This award in the Inorganic, Bioinorganic and Organometallic Chemistry program supports Professor Frederick Luzzio at the University of Louisville to investigate alkynylogation in order to promote the transmission of electronic effects between a nucleophilic or electrophilic center through the intermediacy of a triple bond, and the conversion of hydrofluorocarbons (HFCs) into functionalized fluorinated building blocks through C-F activation of some fluorines within the molecule. The alkynylogation effects will be studied using a triple bond extended aldol (alkynylogous aldol) reaction as a working model, utilizing modern synthetic tools capable of controlling the regio- and stereochemistry. Specifically, the effect of size and Lewis acidity of the cation counterion of a base on the gamma-directed alkynylogous aldol reaction will be investigated; the effects of Lewis acid on the regio- and stereoselectivity of Mukaiyama type alkynylogous aldol reaction, and the reaction of silylketene acetals with electrophiles.
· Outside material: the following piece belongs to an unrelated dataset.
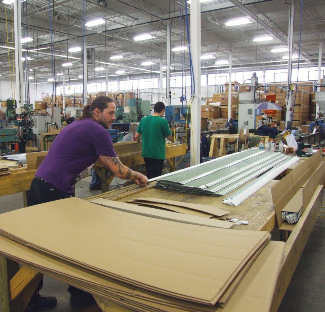 Elton Manufacturing was started in 1981 by Tom Boer, a Dutch immigrant who got fed up with farming. He is still majority owner of the company today, though Beavan and third partner Pigliarolo take care of most of the day-to-day oversight. There are two manufacturing plants: an extrusion plant, an injection molding plant, plus a warehouse and a tool and die shop. Elton started out extruding weather stripping for garage doors, and to this day its weather stripping remains a market leader and revenue bedrock for the company. But things have grown and diversified over the years. Today, Elton also produces entry door window frames, garage door windows, extruded profiles for windows and doors, laminated products for windows and doors and extrusions for the furniture industry.
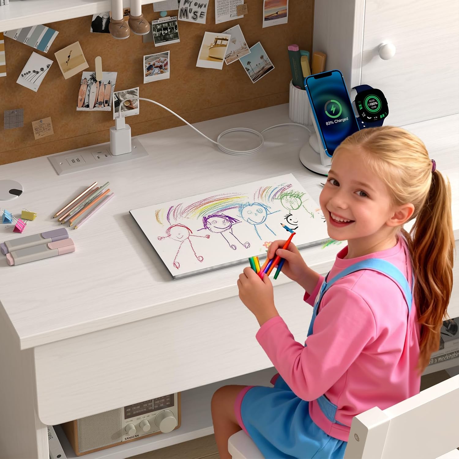 Our Kids Study Desk and Chair Set with Hutch and Drawers offers a perfect place for working on art projects or finishing up their homework. The multiple storage options also help keep bedrooms tidy and organized, which mom and dad are sure to love. Features include. The Kids Study Table with Chair gives young students a perfect space for finishing homework, studying, or working on craft projects. This kid's desk and chair set comes with a clipboard, cabinets, with Drawers & Hutch for Easy Access Storage, The desk offers you ample space to keep books, documents, and other things, suitable for adults and children.CLASSIFIED STORAGE: The large desktop is suitable for putting books or a laptop while the hutch and the open drawers provide extra storage space to keep all learning supplies in order and create a neat and personal studying environment by placingPremium Wood Design: Made of MDF with great durability for a long time Use drawers featuring additional options for putting books, papers,etc-Large and smooth tabletop that can hold plenty of things and is convenient to cleans-Compact design which saves a lot of space and ideal for small places-Easy to assembleMaterial: MDF.Weight Bearing of Desk: 176 lbs.Weight Bearing of Chair: 220 lbs.Package includes:1X Desk 1X Chair, performing the exercises. It provides great stability and durability.

Transformative fluorination will be pursued through the functionalization of industrially available, ecologically benign, three- or four-carbon HFCs by selectively removing fluorine, utilizing C-F bond activation reactions. A second generation of difluoropropargyl synthons will also be developed utilizing environmentally friendly reagents and conditions, capable of engendering cyclic precursors fitted with synthetic handles that maximize structural diversity.
This research aims for practical approaches, and environmentally friendly uses of materials and for organic synthesis. The project will train a younger generation of chemists in synthesis and organofluorine chemistry and advance the education of underrepresented minorities.
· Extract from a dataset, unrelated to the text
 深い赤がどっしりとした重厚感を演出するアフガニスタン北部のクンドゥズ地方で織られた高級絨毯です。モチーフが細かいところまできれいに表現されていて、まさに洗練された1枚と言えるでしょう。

Project Outcome: The group of Professor Hammond has developed an alkynylogation strategy as a method to promote the transmission of electronic effects between a nucleophilic or electrophilic center through the intermediacy of a triple bond. Gold catalysis has had a major focus in this research. Prior to Hammond’s work on gold catalysis, scientists could only assumed that a nucleophile attacks a gold-activated carbon-carbon multiple bond to give a vinyl-Au intermediate. Hammond’s group reported the first room-temperature stable γ-lactone gold(I) complex through the reaction of cationic Au(I) with allenoates and unraveled its mechanism of formation. Based on this mechanistic understanding, the gold-mediated nucleophilic addition to alkynes has given rise to synthetically useful variations, including the transformation of fluorine from its traditional role of substituent into an enabling synthetic tool. In addition, we have implemented a new smart filter with the potential to streamline chemical operations, as well as a pellet-based nanopalladium catalyst that may improve efficiency in the chemical industry. Impact & Benefits: Modern drug discovery often involves screening small lead molecules for their ability to bind to a preselected target. Chemical synthesis is the tool that provides the hit-to-lead support. Yet, despite the drive for efficient and selective chemical reactions, many practical aspects of performing a reaction are labor intensive and time-consuming. Furthermore, chemical synthesis can be uneconomical because of its reliance on non-recyclable reagents and solvents or short-lived commercial catalysts. Our research has contributed to the development of simple, efficient multi-component synthesis of organic compounds from readily available starting materials, employing reaction conditions that are amenable to the medicinal chemist.